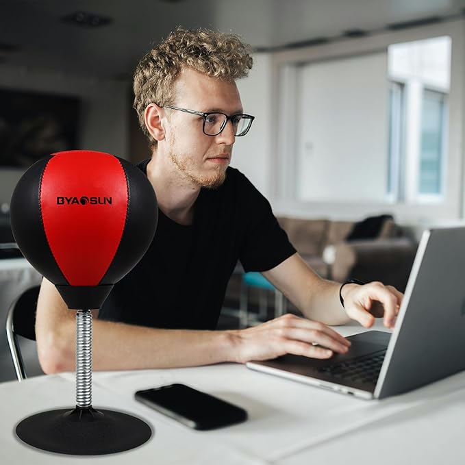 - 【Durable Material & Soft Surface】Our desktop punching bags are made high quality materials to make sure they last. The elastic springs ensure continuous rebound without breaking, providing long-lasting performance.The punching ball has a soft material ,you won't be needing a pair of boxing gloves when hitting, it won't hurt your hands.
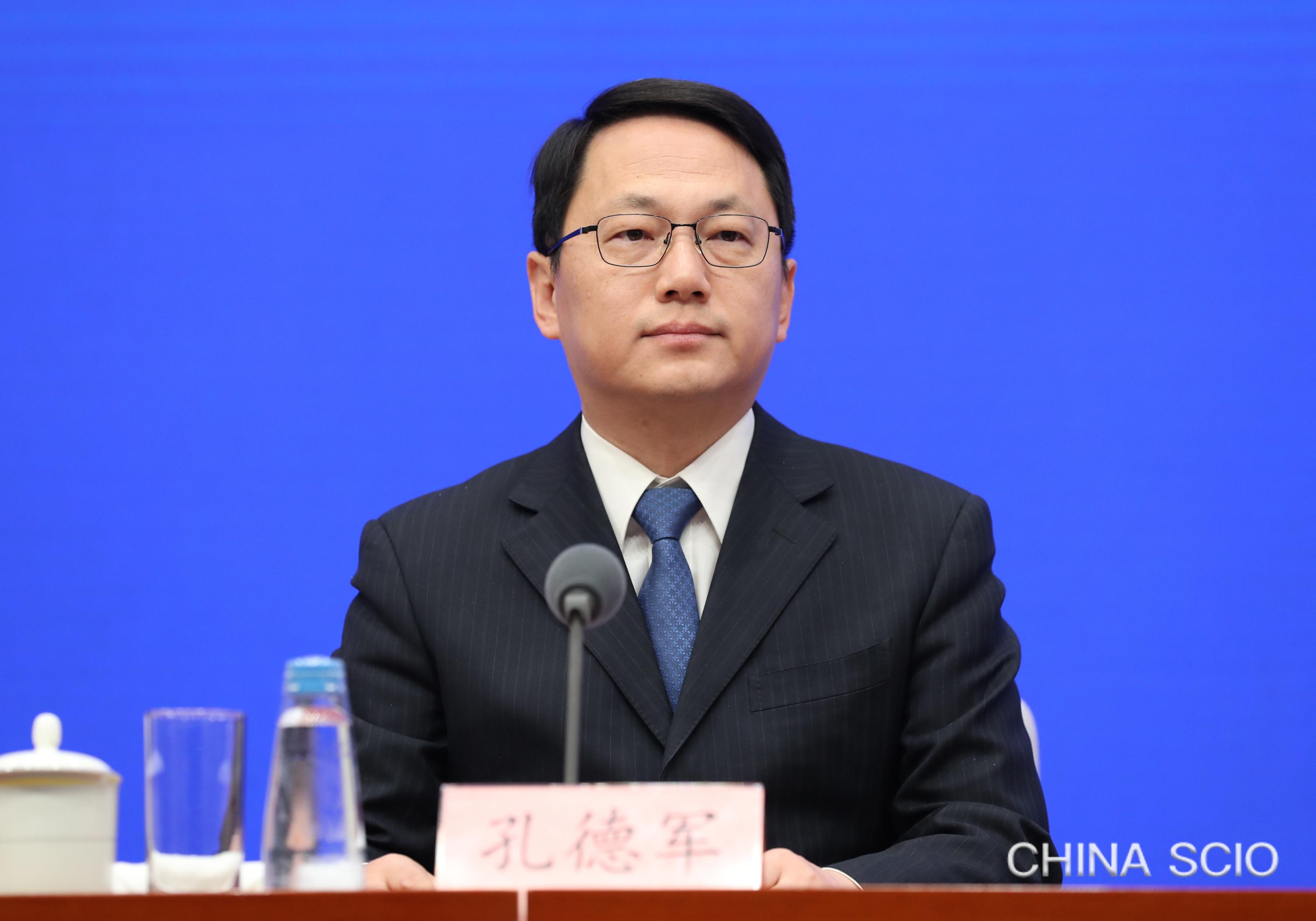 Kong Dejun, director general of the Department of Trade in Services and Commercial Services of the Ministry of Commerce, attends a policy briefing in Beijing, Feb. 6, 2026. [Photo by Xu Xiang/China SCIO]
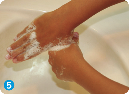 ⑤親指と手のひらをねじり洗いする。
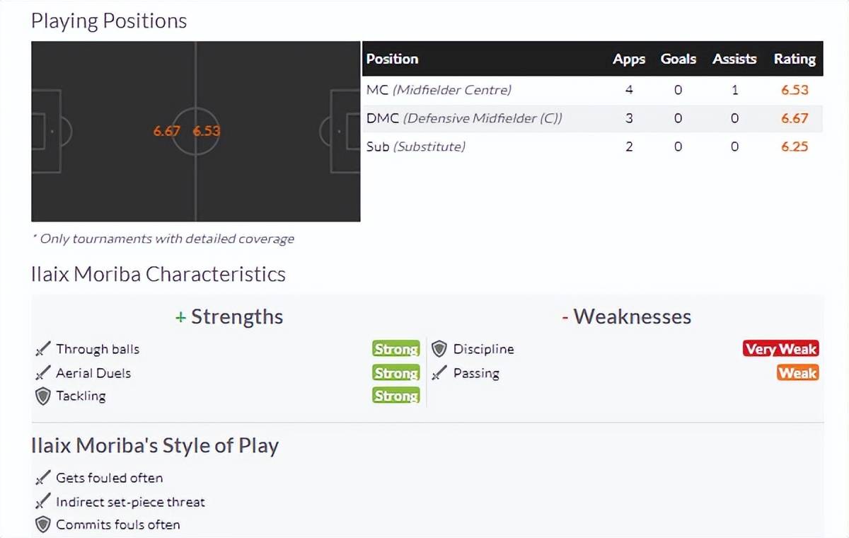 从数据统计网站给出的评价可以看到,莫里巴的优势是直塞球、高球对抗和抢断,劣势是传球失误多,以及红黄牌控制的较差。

> **What you will do**
Once the line containing "Kong Dejun, director" has been found, write out exactly that line and each one after it through the end of the data, leaving out every picture.

> **Written answer**
 Kong Dejun, director general of the Department of Trade in Services and Commercial Services of the Ministry of Commerce, attends a policy briefing in Beijing, Feb. 6, 2026. [Photo by Xu Xiang/China SCIO]
 ⑤親指と手のひらをねじり洗いする。
 从数据统计网站给出的评价可以看到,莫里巴的优势是直塞球、高球对抗和抢断,劣势是传球失误多,以及红黄牌控制的较差。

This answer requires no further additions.